▶ _What is being asked_
The records below must be copied in full; omit the images.

*** Task material ***

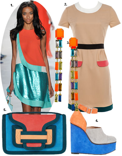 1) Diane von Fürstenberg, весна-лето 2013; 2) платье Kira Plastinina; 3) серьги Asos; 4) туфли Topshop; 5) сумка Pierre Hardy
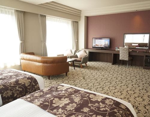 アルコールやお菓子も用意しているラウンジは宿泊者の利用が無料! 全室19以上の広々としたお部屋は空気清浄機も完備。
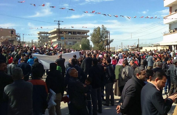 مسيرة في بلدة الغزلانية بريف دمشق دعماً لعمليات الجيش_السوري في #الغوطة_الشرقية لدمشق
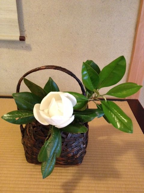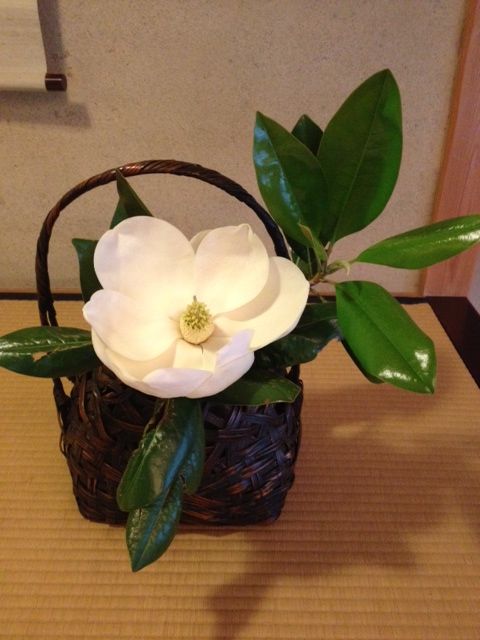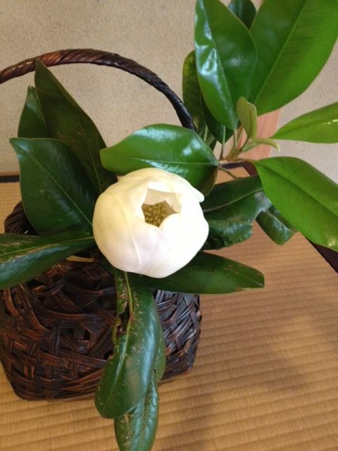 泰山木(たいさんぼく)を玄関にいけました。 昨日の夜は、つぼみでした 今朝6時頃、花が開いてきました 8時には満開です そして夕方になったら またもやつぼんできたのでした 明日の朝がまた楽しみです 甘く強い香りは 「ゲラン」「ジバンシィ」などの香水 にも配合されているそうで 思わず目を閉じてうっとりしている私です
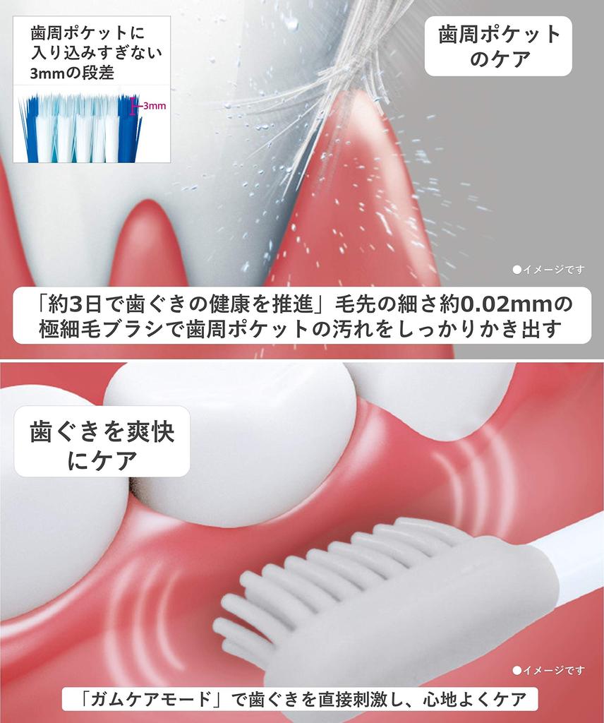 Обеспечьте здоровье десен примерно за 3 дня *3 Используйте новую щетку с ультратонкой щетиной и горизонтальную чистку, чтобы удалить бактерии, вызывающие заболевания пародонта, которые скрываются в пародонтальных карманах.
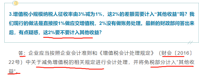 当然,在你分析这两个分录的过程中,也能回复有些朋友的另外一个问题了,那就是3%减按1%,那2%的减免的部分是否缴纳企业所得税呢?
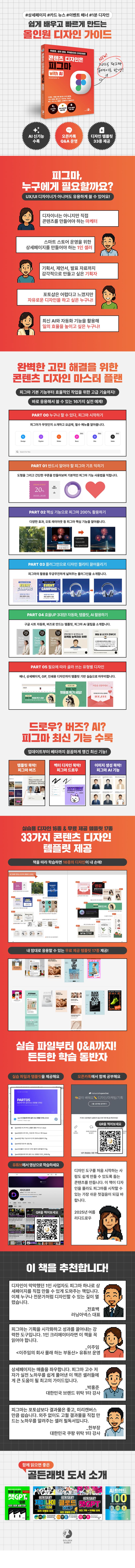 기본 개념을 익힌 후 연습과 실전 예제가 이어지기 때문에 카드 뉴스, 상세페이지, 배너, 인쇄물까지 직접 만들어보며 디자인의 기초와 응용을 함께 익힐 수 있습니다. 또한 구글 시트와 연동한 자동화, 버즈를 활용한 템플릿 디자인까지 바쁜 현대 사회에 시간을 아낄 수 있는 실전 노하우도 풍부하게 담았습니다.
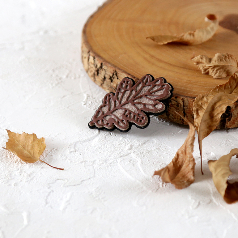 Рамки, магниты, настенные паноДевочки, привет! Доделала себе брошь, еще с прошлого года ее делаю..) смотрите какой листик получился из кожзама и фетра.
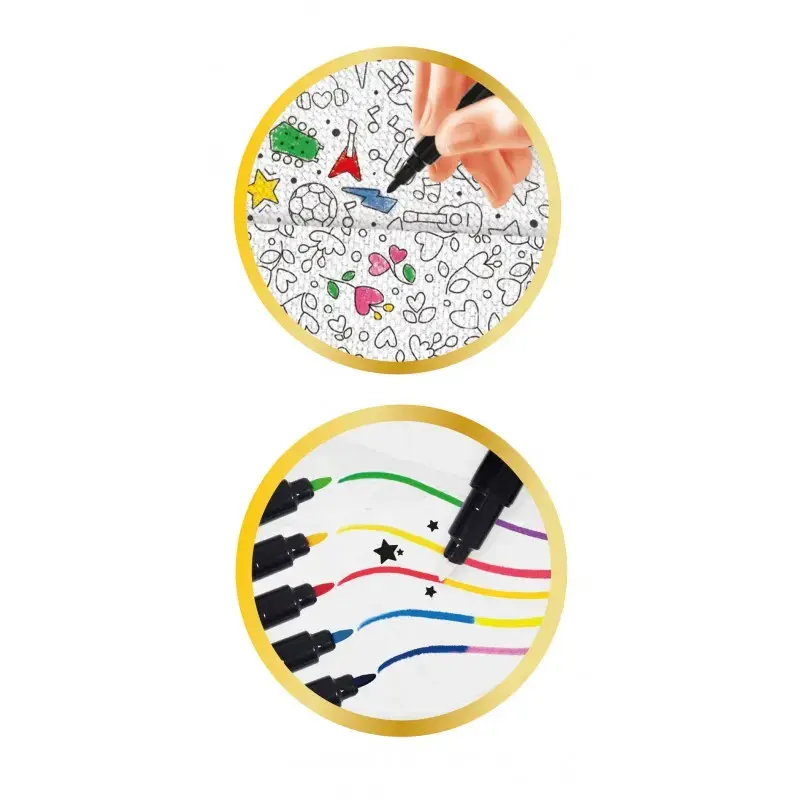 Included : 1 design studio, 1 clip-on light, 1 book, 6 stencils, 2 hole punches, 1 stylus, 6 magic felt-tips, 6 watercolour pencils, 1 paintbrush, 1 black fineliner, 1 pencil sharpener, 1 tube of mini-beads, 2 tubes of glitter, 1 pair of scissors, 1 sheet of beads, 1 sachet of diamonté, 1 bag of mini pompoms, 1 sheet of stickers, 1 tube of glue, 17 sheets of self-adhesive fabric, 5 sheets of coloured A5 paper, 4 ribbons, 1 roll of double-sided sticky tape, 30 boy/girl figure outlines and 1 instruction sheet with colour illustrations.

*** End of Task material ***

▶ _Your solution_
 1) Diane von Fürstenberg, весна-лето 2013; 2) платье Kira Plastinina; 3) серьги Asos; 4) туфли Topshop; 5) сумка Pierre Hardy
 アルコールやお菓子も用意しているラウンジは宿泊者の利用が無料! 全室19以上の広々としたお部屋は空気清浄機も完備。
 مسيرة في بلدة الغزلانية بريف دمشق دعماً لعمليات الجيش_السوري في #الغوطة_الشرقية لدمشق
 泰山木(たいさんぼく)を玄関にいけました。 昨日の夜は、つぼみでした 今朝6時頃、花が開いてきました 8時には満開です そして夕方になったら またもやつぼんできたのでした 明日の朝がまた楽しみです 甘く強い香りは 「ゲラン」「ジバンシィ」などの香水 にも配合されているそうで 思わず目を閉じてうっとりしている私です
 Обеспечьте здоровье десен примерно за 3 дня *3 Используйте новую щетку с ультратонкой щетиной и горизонтальную чистку, чтобы удалить бактерии, вызывающие заболевания пародонта, которые скрываются в пародонтальных карманах.
 当然,在你分析这两个分录的过程中,也能回复有些朋友的另外一个问题了,那就是3%减按1%,那2%的减免的部分是否缴纳企业所得税呢?
 기본 개념을 익힌 후 연습과 실전 예제가 이어지기 때문에 카드 뉴스, 상세페이지, 배너, 인쇄물까지 직접 만들어보며 디자인의 기초와 응용을 함께 익힐 수 있습니다. 또한 구글 시트와 연동한 자동화, 버즈를 활용한 템플릿 디자인까지 바쁜 현대 사회에 시간을 아낄 수 있는 실전 노하우도 풍부하게 담았습니다.
 Рамки, магниты, настенные паноДевочки, привет! Доделала себе брошь, еще с прошлого года ее делаю..) смотрите какой листик получился из кожзама и фетра.
 Included : 1 design studio, 1 clip-on light, 1 book, 6 stencils, 2 hole punches, 1 stylus, 6 magic felt-tips, 6 watercolour pencils, 1 paintbrush, 1 black fineliner, 1 pencil sharpener, 1 tube of mini-beads, 2 tubes of glitter, 1 pair of scissors, 1 sheet of beads, 1 sachet of diamonté, 1 bag of mini pompoms, 1 sheet of stickers, 1 tube of glue, 17 sheets of self-adhesive fabric, 5 sheets of coloured A5 paper, 4 ribbons, 1 roll of double-sided sticky tape, 30 boy/girl figure outlines and 1 instruction sheet with colour illustrations.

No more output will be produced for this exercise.